Iranian presidential challenger concedes to hardline Raisi as vote count continues

Iranian presidential challenger concedes to hardline Raisi as vote count continues

The only moderate in the Iranian presidential election yielded to the country’s radical justice chief Ebrahim Raisi, signaling that the Supreme Leader ‘protege Ayatollah Ali Khamenei won a vote he dominated after disqualifying him. its biggest competitor.

Former central bank chief Abdolnasser Hemmati offered his congratulations to Raisi early on Saturday. The count has continued since Friday’s vote, however, and authorities have yet to give official results.

“I hope your government, under the leadership of Supreme Leader Ayatollah Ali Khamenei, will bring comfort and prosperity to our nation,” Hemmati said in a letter, media reported.

Raisi, 60, will replace moderate Hassan Rouhani as the Islamic Republic seeks to salvage its tattered nuclear deal with the great powers and break free from US sanctions that have resulted in a painful economic downturn.

Raisi, the head of the judiciary whose black turban signifies direct descent from the Prophet of Islam Mohammed, is considered close to the 81-year-old Supreme Leader, who holds ultimate political power in Iran.

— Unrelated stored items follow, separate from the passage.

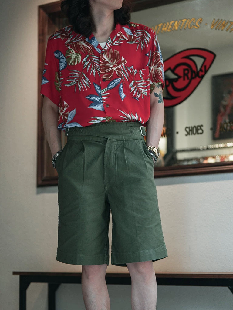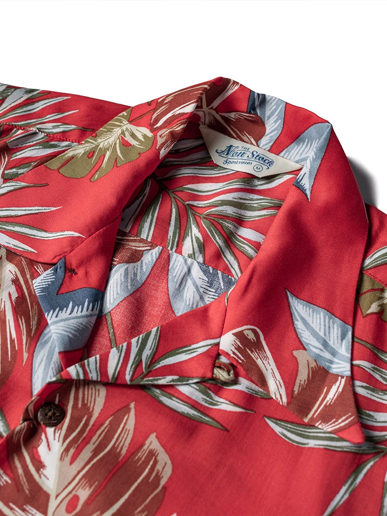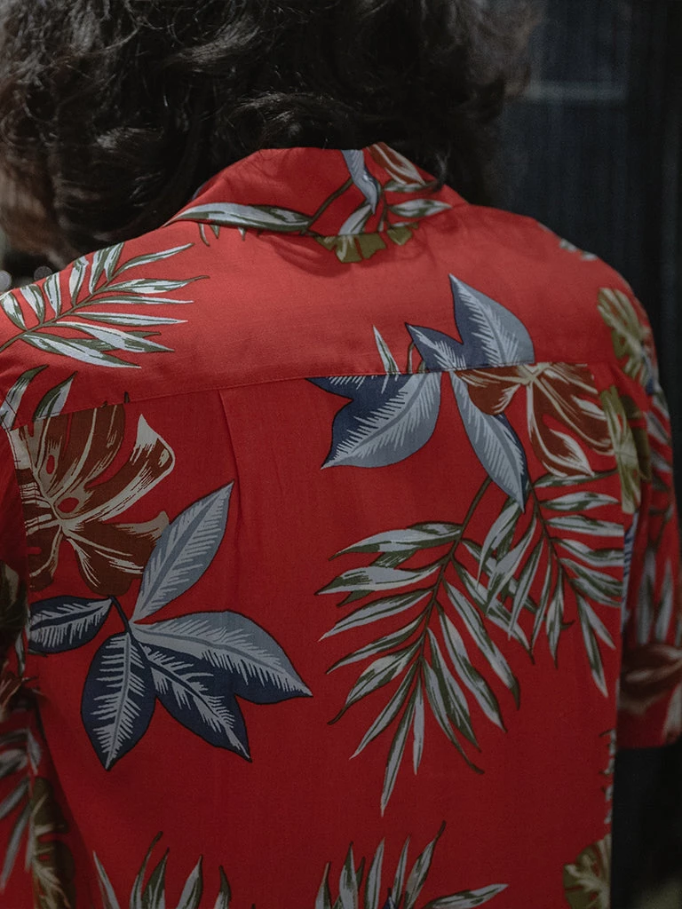The shirt’s design retains the authenticity and quality of Hawaiian shirts from the golden era of the style. It is made from rayon which has a tactile quality and liveliness to it like no other fabric, and with plants and flowers pattern. There’s a single chest pocket, a great place to put sunglasses or a similarly sized object. It can be worn alone or open over a tee.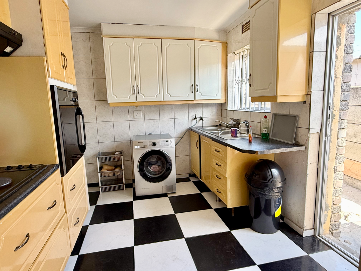 The home features a well-equipped kitchen with ample cupboard space, making meal preparation both easy and enjoyable.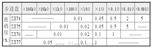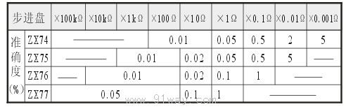 ZX75零位電阻值Ro為最小一個(gè)步進(jìn)值(0.01Ω),因零位電阻是一個(gè)整數(shù)值,使用方便。
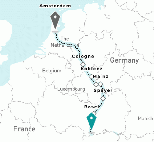 バーゼル / ブライザッハ / ストラスブール / マンハイム / リューデスハイム / コブレンツ / ケルン / アムステルダム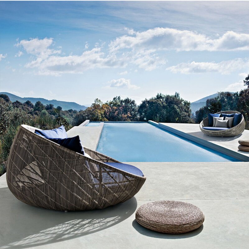 Outdoor lying bed balcony rattan sun bed personality creative simple bed furniture combination set lazy beach lounge chair
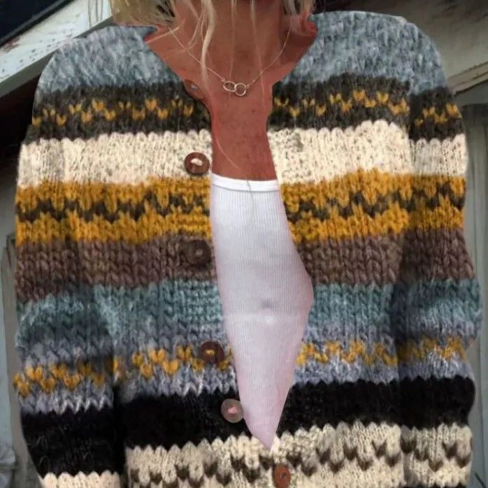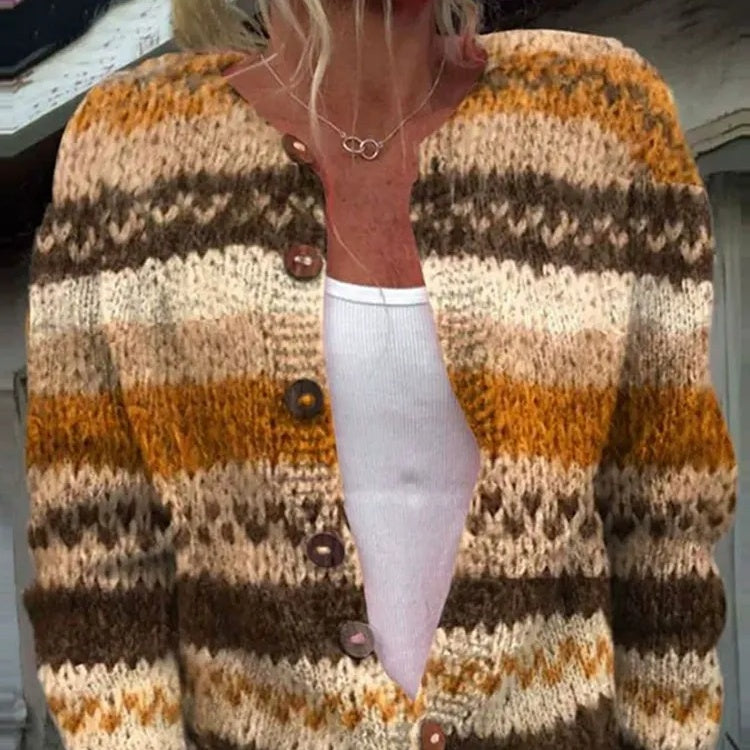 W skład zestawu wchodzą: 1 * Damski kardigan z nadrukiem i guzikami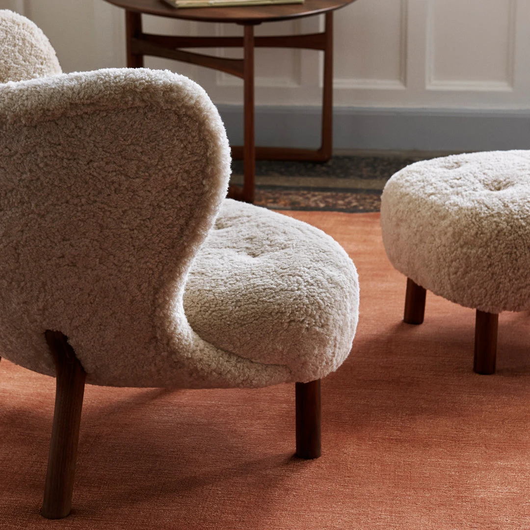 Soft and nurturing, the Pouf is an ideal companion. With rounded legs in either oak walnut, and upholstery in a wide variety of fabrics that include sheepskin, it lends an organic warmth to any interior. Pair with the Little Petra for an elegant lounge seating arrangement.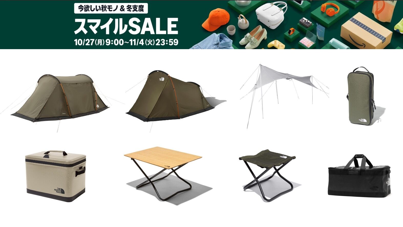 2025年10月27日〜11月4日の期間中、Amazonにて「AmazonスマイルSALE」が開催されます。アウトドア用品、キャンプ用品もセールの対象となっており、THE NORTH FACE(ザ・ノース・フェイス)のキャンプグッズもお得に購入できます。詳細をレビューします。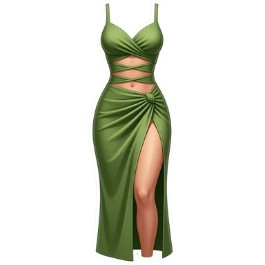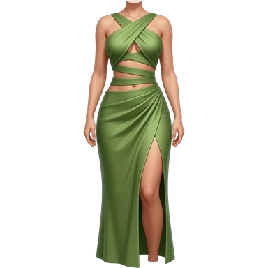 iOS style highly editorial and sculptural A draped olive green wrap dress with multiple abdominal cutouts, a high leg slit decal sticker emoji

Friday’s vote was extended two hours past the original midnight deadline due to fears of a low turnout of 50% or less.

Many voters chose to stay away after the field of 600 candidates was narrowed to seven candidates, all men, excluding a former speaker and a former speaker of parliament.

Three of the selected candidates dropped out of the race two days before Friday’s election, and two of them gave their support to Raisi.

Former populist President Mahmoud Ahmadinejad, one of those disqualified by the powerful Guardian Council made up of 12 clergy and legal experts, joined those who said they would not vote.

Raisi’s only rival in the reformist camp was the low-key former central bank chief Hemmati, 65, who had voted in single digits ahead of the election.

Experts have estimated that the election could mark a turning point in the country’s history and a fundamental crisis of legitimacy for the regime if turnout fueled by disillusionment falls below 50%.

Sadegh Zibakalam, a prominent professor of politics at the University of Tehran, said the regime has defended itself over the past decades by calling voter turnout an indirect sign of support and almost a referendum for the Islamic republic.

“It will be a turning point because a majority does not participate in the elections and it means that a majority no longer supports the Islamic Republic. This is the crucial point of this election, ”he said during a seminar at King’s College London in Tehran.

On election day, images of voters often waving flags in the country of 83 million people dominated state television coverage, but away from the polling stations, some expressed their anger at what they saw as a election organized in stages.

“Whether I vote or not, someone has already been elected,” Tehran trader Saeed Zareie mocked. “They organize the elections for the media.

The enthusiasm was further dampened by the economic malaise of soaring inflation and job losses, and the pandemic which proved deadlier in Iran than anywhere else in the region, killing more than 80,000 people according to the official count.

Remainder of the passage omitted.